Cigna, which owns Express Scripts, has filed its own lawsuit against the FTC on September 17th over the interim support interim report. The company called that report unfair, biased, erroneous, and defamatory. CVS told Becker's that its PBM has negotiated lower insulin prices and increased competition after 3 leading brand insulin manufacturers raised their list prices by as much as 500% before 2012.

Then the Pharmaceutical Care Management Association, which is the trade group represent representing PBMs, spoke out against that lawsuit. The National Community Pharmacists Association, which represents pharmacies, applauded the FTC's actions. Well, OptumCare, which is located in Basking Ridge, New Jersey, is planning to lay off a 160 employees in the state according to regulatory documents filed with the states. Those layoffs are expected to occur between December 11th January 22nd next year.

Optimus faced several rounds of layoffs and clinic closures this year across various states. In July, the company laid off 524 employees in California, which included remote positions in other states. Earlier this year, there were reports servicing on social media about layoffs affecting employees at Optum Virtual Care and NaviHealth. And, additionally, in May, Optum closed a changed health care facility in Toledo, Ohio, which resulted in 129 job losses.

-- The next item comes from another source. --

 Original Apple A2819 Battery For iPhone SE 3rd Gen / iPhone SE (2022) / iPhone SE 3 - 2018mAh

Cigna Health Care is exiting Medicare Advantage Markets. We're making service area reductions in 8 states for 2025. In total, 36 plans and about 54100 members are impacted, the vast majority in Florida. The majority of the markets have low membership and alternative MA plans available with the exception of just a few full county exits.

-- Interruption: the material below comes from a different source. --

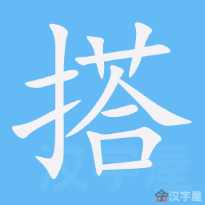 释义 | ![]() 架;支起: ~桥|违章~建|他们在天井里~了个凉棚|脚手架~完就可以开工了。 拆 chāi 这阁楼早晚要~|你们这简直是过河~桥|他们家老是~东墙补西墙的。 ❶支架起来。常作带宾、带补谓语。 成群的喜鹊在天河上边~了一座桥|小鸟把窝~在树上|舞台~矮了|棚子~好了|架子~得不太结实|车棚~了三天才~好|葡萄架很快就~起来了|这里~过两次桥,但都被洪水冲垮了|饲养员很快就~好了一个鸡窝。 ❷附挂。常作带宾、带补谓语。 门窗之间~着一根绳子|他肩上~了一条毛巾|铁丝高了,~不上去|把衣服~在竹竿上|绳子太细了,~不住被子。 ❸接连;重叠。常作带宾、带补谓语。 前言不~后语|通讯员终于把两根电线~上了|电线~得很结实|我坐在一旁,~不上话。 ❹凑在一起,加上,配合。常作带宾、带补谓语。 五六人~伙过景阳冈|买一个大的,再~一个小的|~点零头儿|这些滞销货~得太多了|时间~得不值得|时间~不起|把这块布~上才够做一件上衣|这个工作不轻,还得~上个人帮他才成|我~不起一个星期的时间。 ❺乘,坐(车船等)。常作带宾、带补谓语。 ~车去还是~船去,由你自己定|货船不~客|车~错了|只好~下一趟车了|他~上船走了|~过一次他的车|~不上这班飞机了|~错了车。 【反】 ❶拆 【词语】 搭班子 搭伴 搭乘 搭档 搭话 搭架子 搭救 搭配 搭腔 搭桥 搭桥牵线 搭手 搭头 【字族索引】 荅 【同音字】 dā |

There's a list of Medicare Advantage market exits industry wide on the Becker's website, and there's more details about these Cigna exits on our website as well, including state by state and the types of plans that are affected. Southwestern Health Resources will not offer Medicare Advantage Plans in 2025. The company said it has decided to sunset its MA plan because of increasing competition and utilization along with regulatory requirements from the federal level.

There are will be no changes for members in 2024, but there will be no plans to enroll in during the upcoming open enrollment annual enrollment period. Southwestern Health Resources is based in Farmers Branch, Texas. It operates CarenCare, an MA company. They had about 26,000 Medicare Advantage members according to CMS. Southwestern Health Resources is a joint venture between UT Southwestern Medical Center and Texas Health Resources.